That said - I want to write a little about my Giant Despair who holds me captive in Castle Doubt. (I am taking these terms from John Bunyan's Pilgrim's Progress.) My giant could aptly be named "Perfection."  Because, I have such expectations of myself that are highly unrealistic. I don't know about you, but some days I expect myself to be better than I am...to never make the same mistake more than once.

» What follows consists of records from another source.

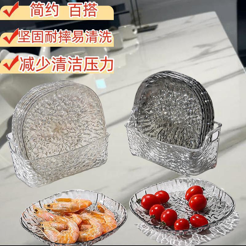 轻奢简约套装碟子家用吐骨碟餐桌垃圾盘网红透明桌面冰川纹吐骨碟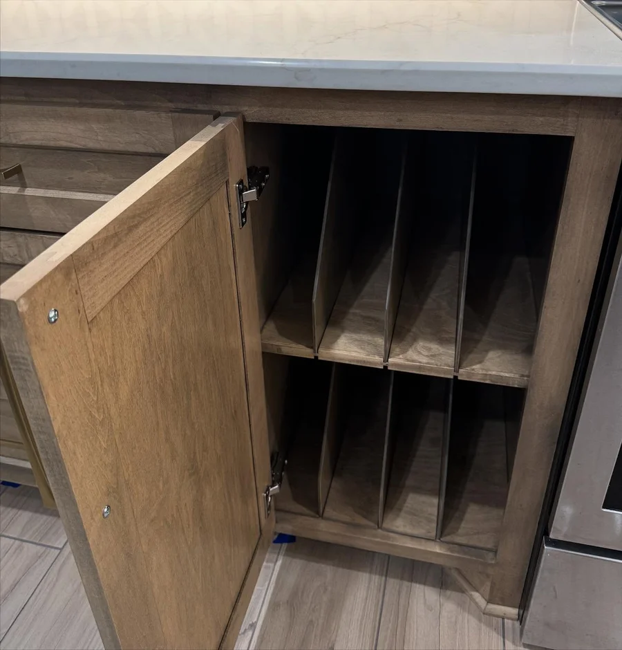Integrated custom interior organizers, including vertical tray dividers, deep drawers, and concealed storage compartments. These solutions improve accessibility and keep cookware, bakeware, and accessories neatly arranged. -
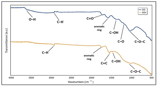 The presence of oxygen functional groups, especially hydroxyl, epoxy and carboxyl, which are key to the functionality of GO [82], was confirmed by FTIR analysis. The existence of these groups demonstrates the good oxidation of graphite. Figure 4 shows the spectrum of GO and GOr to compare and analyze their structural and functional differences.

Here is a picture of my Giant Despair (with Bethany writing in third person... how annoying):
Bethany wakes up at 3 am and trudges to the kitchen to put Paul's lunch items together. Bethany feels good about this service, and knows that she is doing the right thing by seeing her husband off and kissing him goodbye. Several nights mornings a week Bethany will stay up and do her Bible reading at that quiet hour. She is deeply convicted by sin and begs God to give her more love for God and more love for mankind. She makes some resolves about how to better serve her family.

Bethany grows so weary with this reading that she decides to go back to bed... the sun is just rising. She is sleeping soundly when screaming begins in another room. Such a call to attention! She gets up and races to the other room to see two children wrestling on the floor and another cutting holes in clothes with the new scissors. She immediately loses her temper and, in a fit of anger, screams at the children.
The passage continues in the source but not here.